### [WHAT TO DO]
What this exercise needs is every entry restated as written, with no pictures.

### [ENTRIES SUPPLIED]
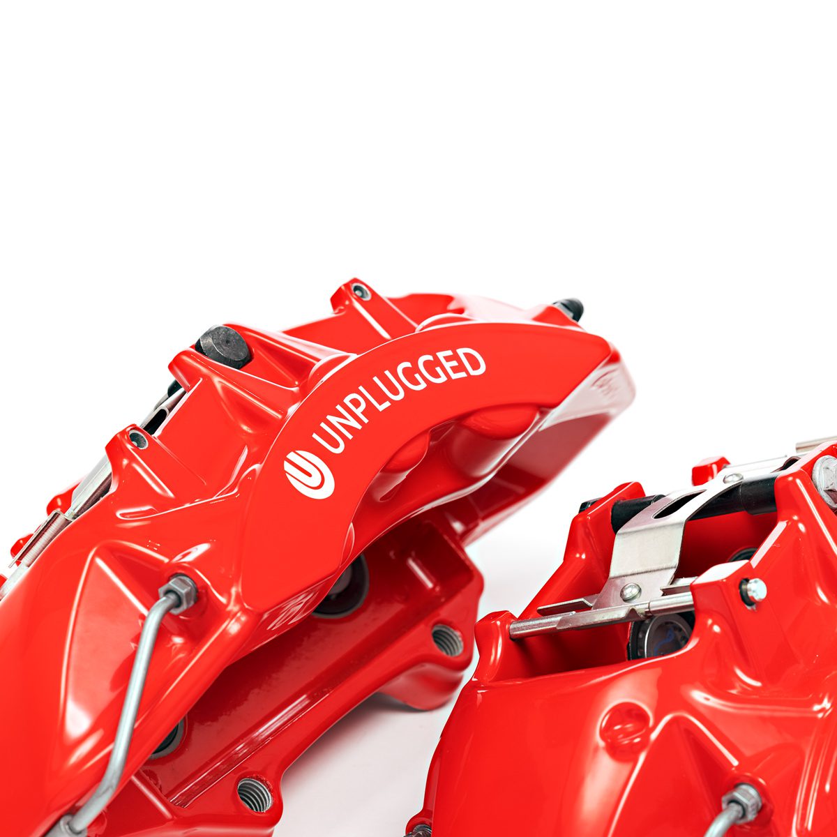 The Tesla Model S Plaid is one of the fastest street cars on earth and decelerating 5000 lbs quickly, repeatedly and with consistent driver confidence is a big challenge. Pushing your Plaid anywhere near its limits requires a braking system that can take a beating from high-weight-high-g-force stops exerting incredible forces repeatedly. The Unplugged Performance Carbon-Ceramic Front Big Brake Kit (BBK) is designed to significantly increase this capacity. It accomplishes the various motorsports records and thrilled street user feedback it has received by bringing a 93% increase in pad/rotor surface contact, significantly higher thermal capacity hardware, and custom-tailored brake pad compounds to provide the highest possible operating range temperature and pedal feel. It also happens to be significantly lighter in unsprung weight which brings advantages in feel, efficiency, and handling response.
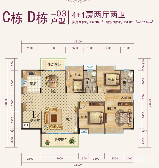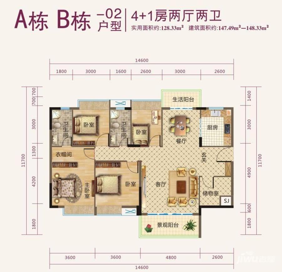 在售 户型方正 全明格局 主卧带卫 干湿分离 双阳台
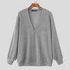 INCERUN Мужские трикотажные пуловеры с V-образным вырезом и длинным рукавом
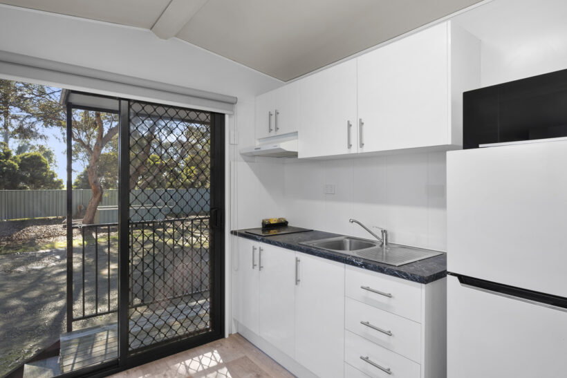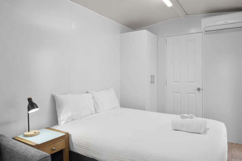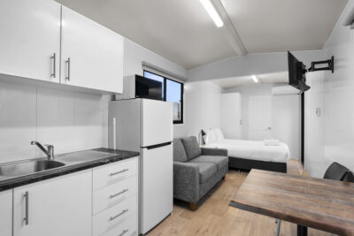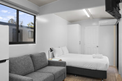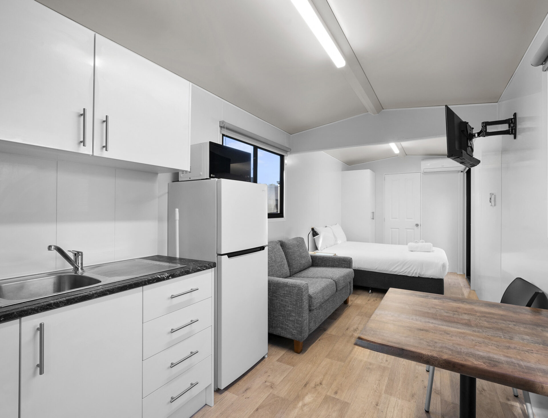 Perfect for couples or solo travellers, this modern studio features a double bed, private ensuite, and a comfortable living area. The kitchenette is equipped with a full-size fridge, microwave, and electric cooktop. Enjoy reverse cycle air conditioning and a private balcony for added relaxation.
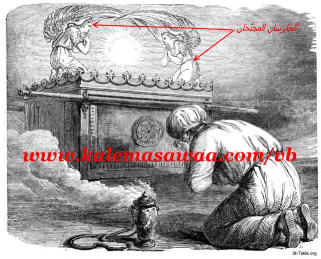 لاحظوا جيدا صورة الحارسين المجنحين ( الشاروبيم ) فوق تابوت الرب :
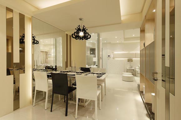 以茶镜、玻璃等反射材质,搭配木作作壁面或进入厨房区域及其他私密空间的隐藏门扉做ㄇ字型设计,具视觉延伸及放大空间的效果。
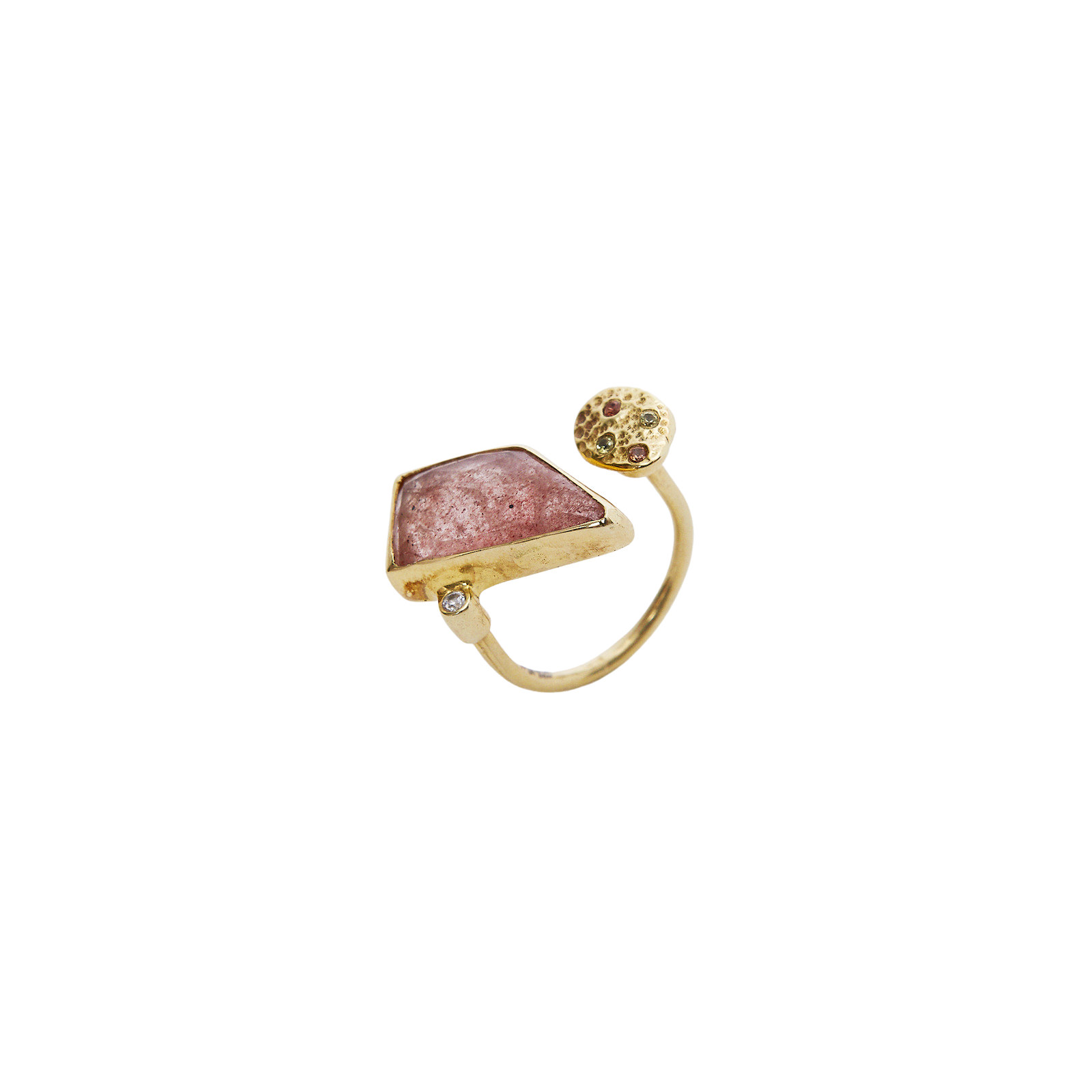 Natural Real Double Circle Turmaline Sterling Silver Gold Plated Ring
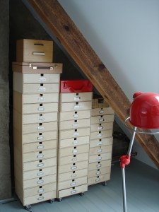 Diese Schubladenschränke (Schubladenteile von Ikea, zusammengeleimt und mit Rollen versehen) habe ich schon seit ein paar Jahren und finde sie sehr praktisch. Nun wollte ich sie gern erweitern, aber leider sind die Elemente nicht mehr im Programm.
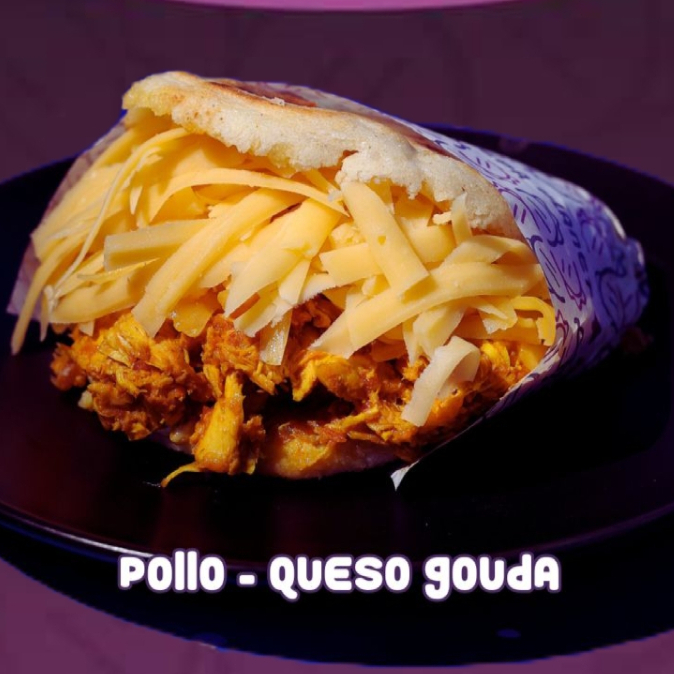 Arepa asada con mantequilla, deliciosa salsa de la casa, pollo mechado acompañado de queso gouda
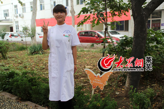 大眾網萊蕪9月1日訊(記者 亓秀寶)張麗華是萊蕪市中醫醫院的一名護士,每天面對著各種病患,她用扎實的業務和慢慢的愛心對待每一位患者。9月3日大閱兵,張麗華堅守在崗位一線,以自己的實際工作為祖國加油,用微笑和勝利的“V”字手勢為祖國點贊。

### [ANSWER TO THE PROBLEM]
 The Tesla Model S Plaid is one of the fastest street cars on earth and decelerating 5000 lbs quickly, repeatedly and with consistent driver confidence is a big challenge. Pushing your Plaid anywhere near its limits requires a braking system that can take a beating from high-weight-high-g-force stops exerting incredible forces repeatedly. The Unplugged Performance Carbon-Ceramic Front Big Brake Kit (BBK) is designed to significantly increase this capacity. It accomplishes the various motorsports records and thrilled street user feedback it has received by bringing a 93% increase in pad/rotor surface contact, significantly higher thermal capacity hardware, and custom-tailored brake pad compounds to provide the highest possible operating range temperature and pedal feel. It also happens to be significantly lighter in unsprung weight which brings advantages in feel, efficiency, and handling response.
 在售 户型方正 全明格局 主卧带卫 干湿分离 双阳台
 INCERUN Мужские трикотажные пуловеры с V-образным вырезом и длинным рукавом
 Perfect for couples or solo travellers, this modern studio features a double bed, private ensuite, and a comfortable living area. The kitchenette is equipped with a full-size fridge, microwave, and electric cooktop. Enjoy reverse cycle air conditioning and a private balcony for added relaxation.
 لاحظوا جيدا صورة الحارسين المجنحين ( الشاروبيم ) فوق تابوت الرب :
 以茶镜、玻璃等反射材质,搭配木作作壁面或进入厨房区域及其他私密空间的隐藏门扉做ㄇ字型设计,具视觉延伸及放大空间的效果。
 Natural Real Double Circle Turmaline Sterling Silver Gold Plated Ring
 Diese Schubladenschränke (Schubladenteile von Ikea, zusammengeleimt und mit Rollen versehen) habe ich schon seit ein paar Jahren und finde sie sehr praktisch. Nun wollte ich sie gern erweitern, aber leider sind die Elemente nicht mehr im Programm.
 Arepa asada con mantequilla, deliciosa salsa de la casa, pollo mechado acompañado de queso gouda
 大眾網萊蕪9月1日訊(記者 亓秀寶)張麗華是萊蕪市中醫醫院的一名護士,每天面對著各種病患,她用扎實的業務和慢慢的愛心對待每一位患者。9月3日大閱兵,張麗華堅守在崗位一線,以自己的實際工作為祖國加油,用微笑和勝利的“V”字手勢為祖國點贊。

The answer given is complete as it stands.